• Assignment
Retype each entry exactly. Skip any pictures.

[Collected data entries]
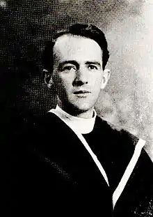 Scullion was the only son of John William Scullion and Daisy Sarah Scullion (née Sullivan) and he had two sisters, Lenore and Franceline.[1] At the time of his birth his father was the hotelkeeper of the Star Hotel, Clarendon Street, South Melbourne but with continuing breaches of the trading laws their licence was revoked at the end of 1929.[2] The family moved to North Melbourne where Scullion attended Saint Joseph's CBC North Melbourne between 1933 and 1938[3] before moving on to St. Kevin's College, Melbourne to complete his secondary education. By the end of his schooling he was already a gifted speaker winning awards at annual concerts and statewide eisteddfods.[4]
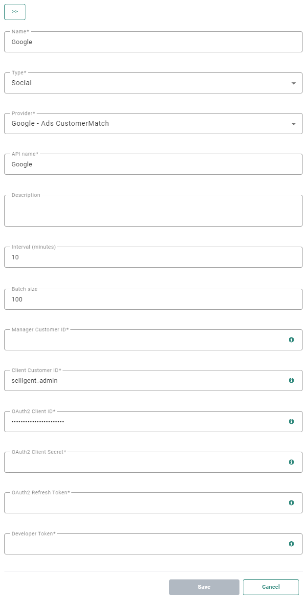 • Manager Customer ID * — Your Google Manager Customer ID. (* Only required for the Google Ads API)
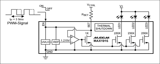 图9. 单个外部电阻(RSET)设定流经每个LED 的电流数值。在IC 的使能引脚(EN)上加载脉宽信号可以实现简单的亮度控制(调光功能)。
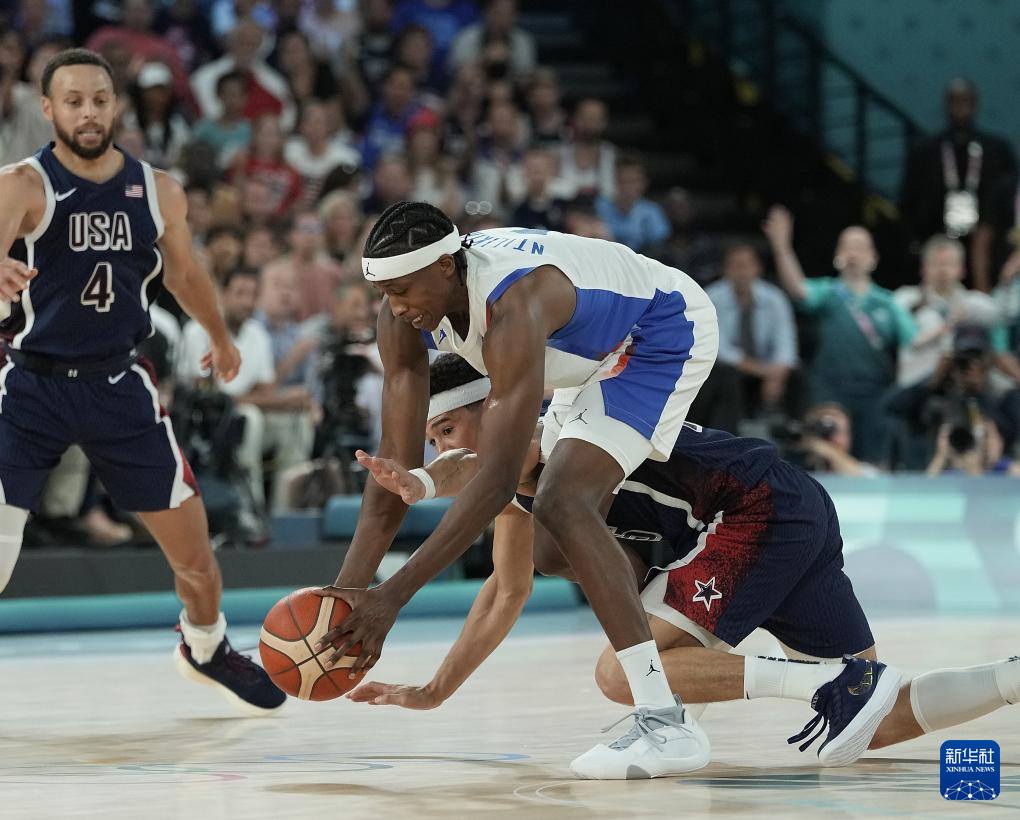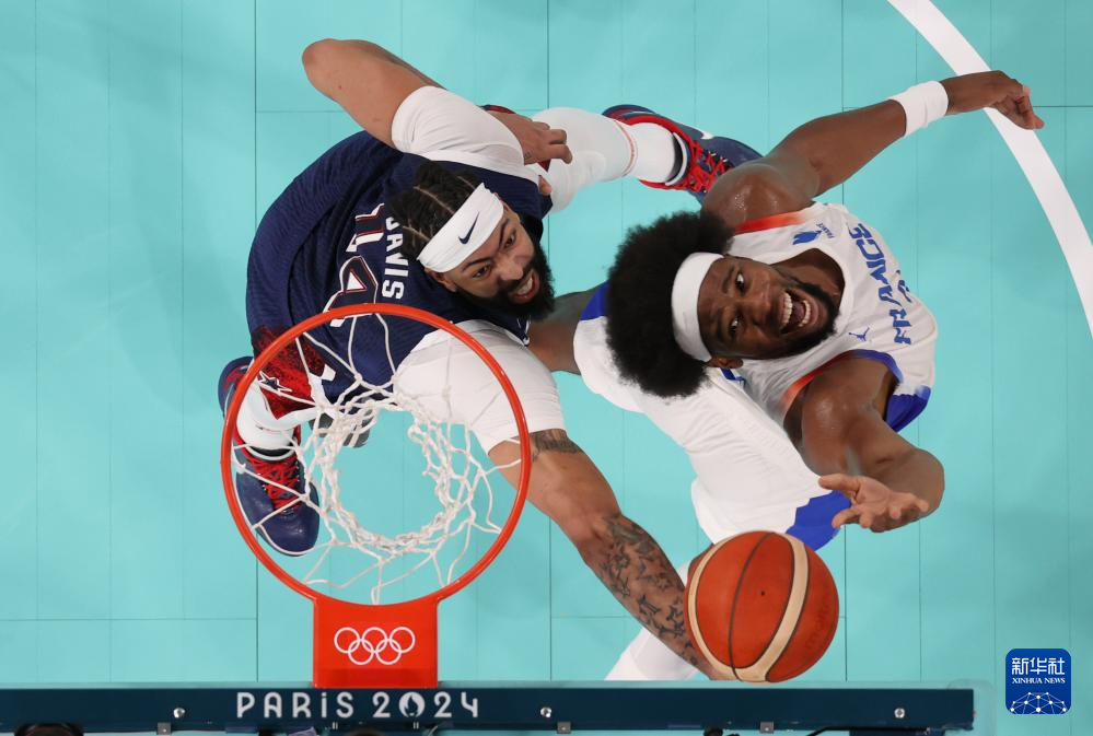 8月10日,法国队球员文班亚马在比赛中拼抢。
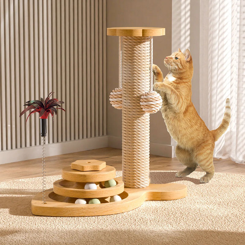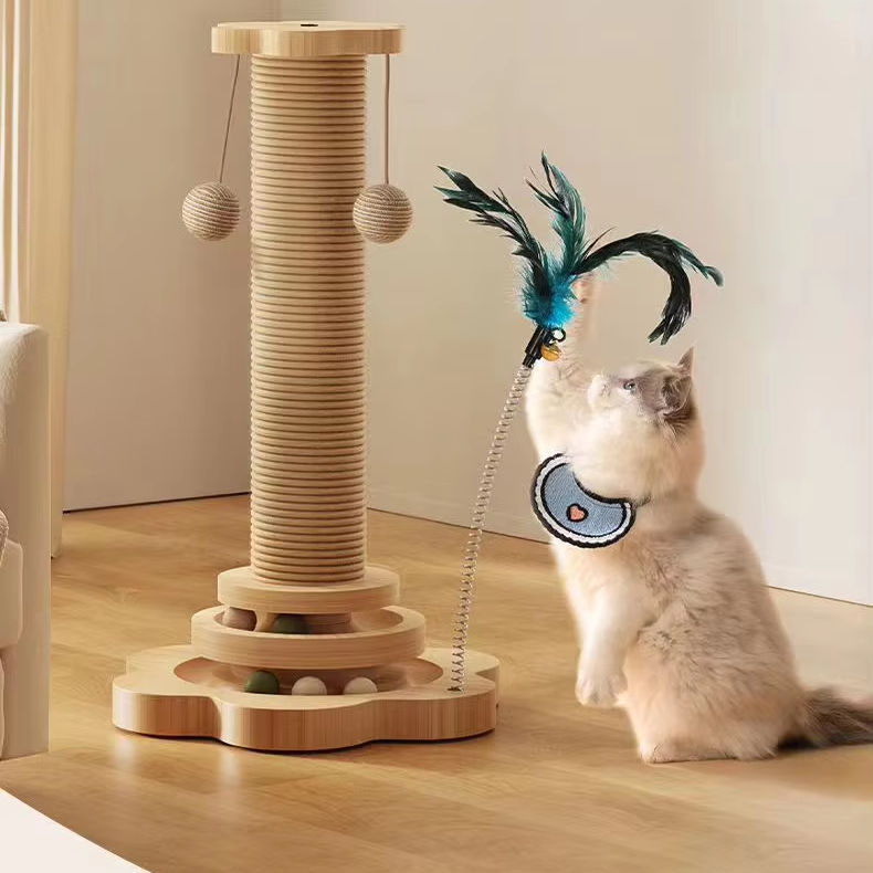 Large Classic Single Column Interactive Cat Tree Double Layer Sisal Cat Bed and Scratcher Tower Made of Wood
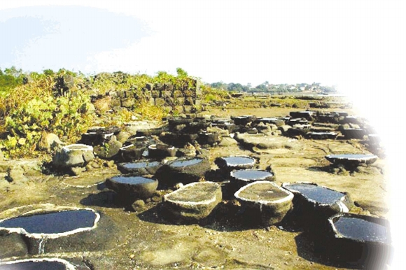 距离海南儋州那大镇大约60公里的地方是洋浦,那里拥有著名的千年古盐田。据说,1200多年前,一群盐工从福建莆田南下渡过琼州海峡,来到了洋浦半岛。他们发现此地高温烈日,便改变“煮海为盐”的传统做法,开创了日晒制盐的办法。至今,仍有上千个石盐槽遍布在海滩,村里尚有30多户盐工,每当夏秋之际,他们便在这片盐田上演习古老的制盐方法———耙泥翻晒,过滤卤水,再放进石槽中,经过一个下午暴晒,就可以收盐了。
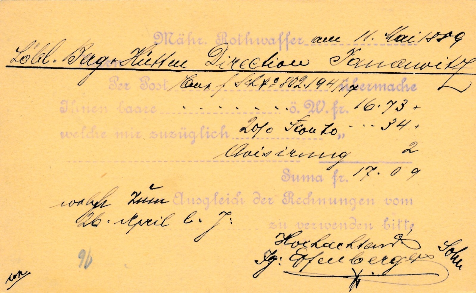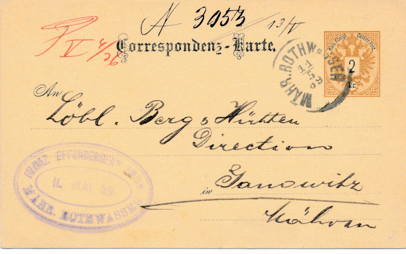 2 Kreuzer - Ganzsachen - Karte 1889 aus Mähr. Rothwasser (13357)

• Answer to this problem
 Scullion was the only son of John William Scullion and Daisy Sarah Scullion (née Sullivan) and he had two sisters, Lenore and Franceline.[1] At the time of his birth his father was the hotelkeeper of the Star Hotel, Clarendon Street, South Melbourne but with continuing breaches of the trading laws their licence was revoked at the end of 1929.[2] The family moved to North Melbourne where Scullion attended Saint Joseph's CBC North Melbourne between 1933 and 1938[3] before moving on to St. Kevin's College, Melbourne to complete his secondary education. By the end of his schooling he was already a gifted speaker winning awards at annual concerts and statewide eisteddfods.[4]
 • Manager Customer ID * — Your Google Manager Customer ID. (* Only required for the Google Ads API)
 图9. 单个外部电阻(RSET)设定流经每个LED 的电流数值。在IC 的使能引脚(EN)上加载脉宽信号可以实现简单的亮度控制(调光功能)。
 8月10日,法国队球员文班亚马在比赛中拼抢。
 Large Classic Single Column Interactive Cat Tree Double Layer Sisal Cat Bed and Scratcher Tower Made of Wood
 距离海南儋州那大镇大约60公里的地方是洋浦,那里拥有著名的千年古盐田。据说,1200多年前,一群盐工从福建莆田南下渡过琼州海峡,来到了洋浦半岛。他们发现此地高温烈日,便改变“煮海为盐”的传统做法,开创了日晒制盐的办法。至今,仍有上千个石盐槽遍布在海滩,村里尚有30多户盐工,每当夏秋之际,他们便在这片盐田上演习古老的制盐方法———耙泥翻晒,过滤卤水,再放进石槽中,经过一个下午暴晒,就可以收盐了。
 2 Kreuzer - Ganzsachen - Karte 1889 aus Mähr. Rothwasser (13357)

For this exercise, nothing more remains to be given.